TASK BRIEF> Transcribe the listing verbatim, please, with images dropped.

DATASET EXCERPT>

__________________________________________________

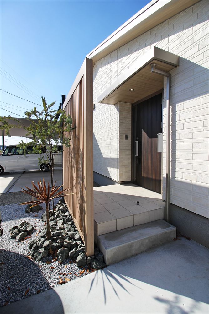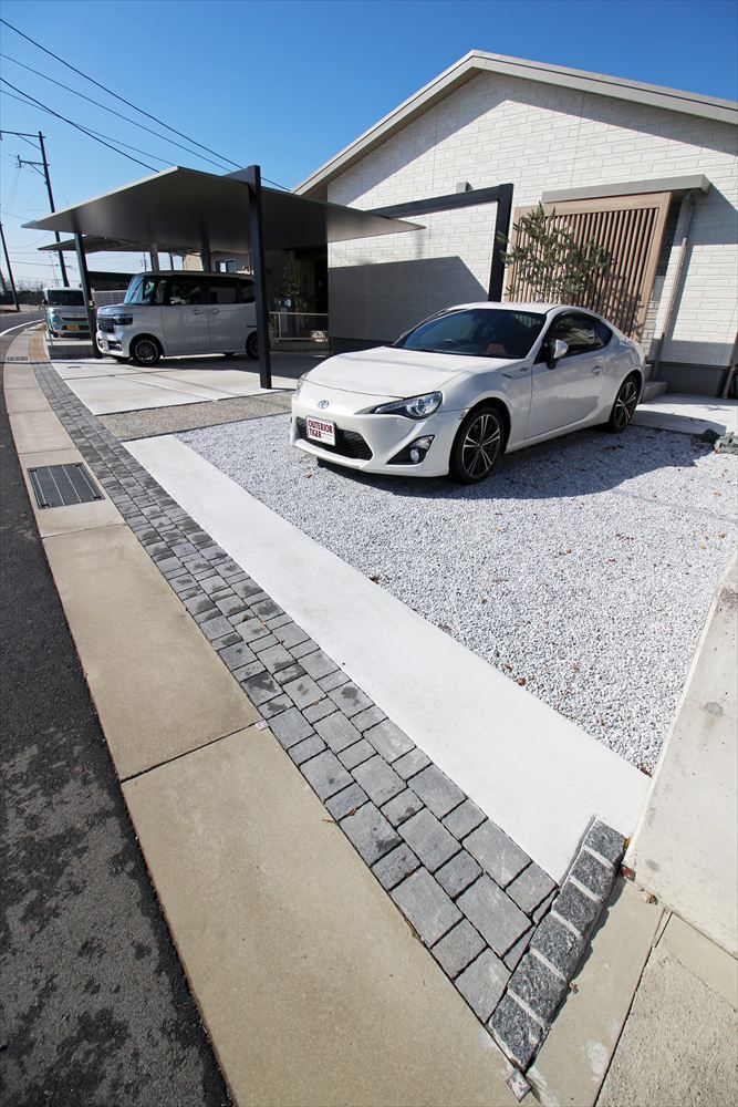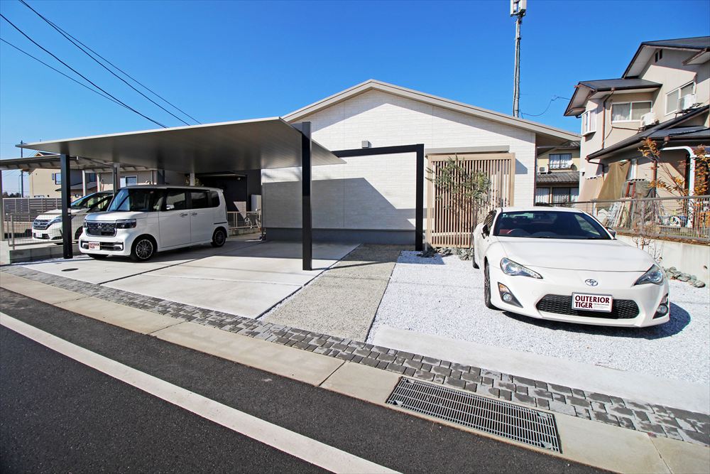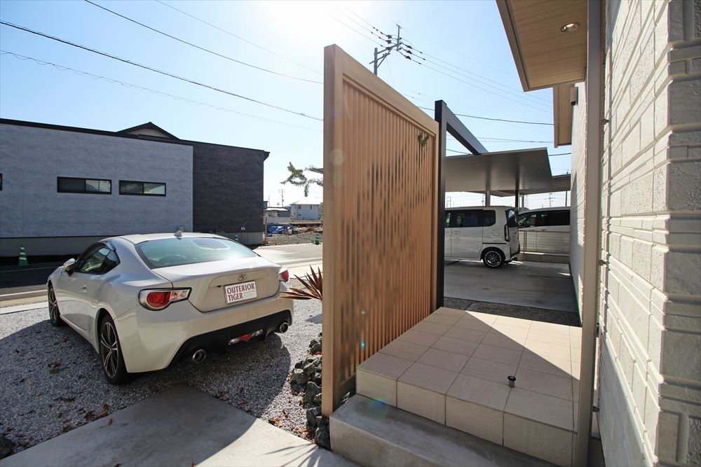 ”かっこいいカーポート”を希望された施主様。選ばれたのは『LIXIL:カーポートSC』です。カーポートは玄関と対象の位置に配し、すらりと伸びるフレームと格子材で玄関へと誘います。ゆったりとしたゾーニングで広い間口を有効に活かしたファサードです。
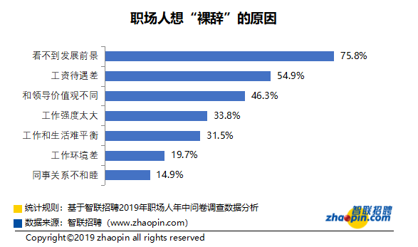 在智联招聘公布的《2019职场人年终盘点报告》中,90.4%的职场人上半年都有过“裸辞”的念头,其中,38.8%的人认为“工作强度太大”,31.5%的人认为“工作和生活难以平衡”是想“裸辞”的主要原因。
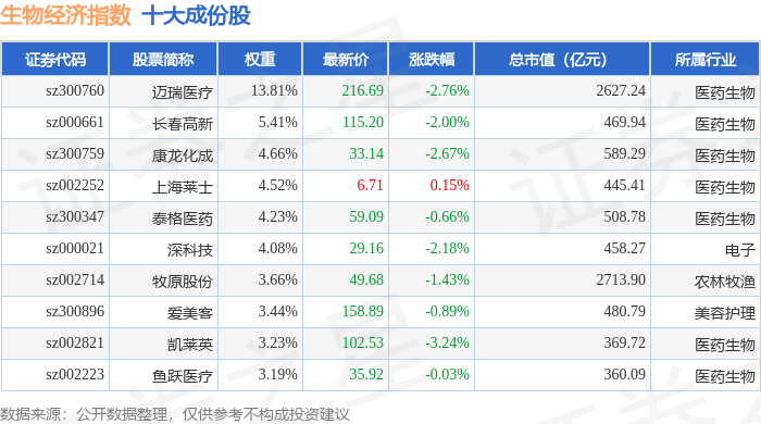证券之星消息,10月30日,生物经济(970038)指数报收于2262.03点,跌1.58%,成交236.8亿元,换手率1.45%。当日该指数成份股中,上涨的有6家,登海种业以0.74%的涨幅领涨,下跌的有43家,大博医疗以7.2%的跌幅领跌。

__________________________________________________

RESPONSE TO THE TASK>
 ”かっこいいカーポート”を希望された施主様。選ばれたのは『LIXIL:カーポートSC』です。カーポートは玄関と対象の位置に配し、すらりと伸びるフレームと格子材で玄関へと誘います。ゆったりとしたゾーニングで広い間口を有効に活かしたファサードです。
 在智联招聘公布的《2019职场人年终盘点报告》中,90.4%的职场人上半年都有过“裸辞”的念头,其中,38.8%的人认为“工作强度太大”,31.5%的人认为“工作和生活难以平衡”是想“裸辞”的主要原因。
证券之星消息,10月30日,生物经济(970038)指数报收于2262.03点,跌1.58%,成交236.8亿元,换手率1.45%。当日该指数成份股中,上涨的有6家,登海种业以0.74%的涨幅领涨,下跌的有43家,大博医疗以7.2%的跌幅领跌。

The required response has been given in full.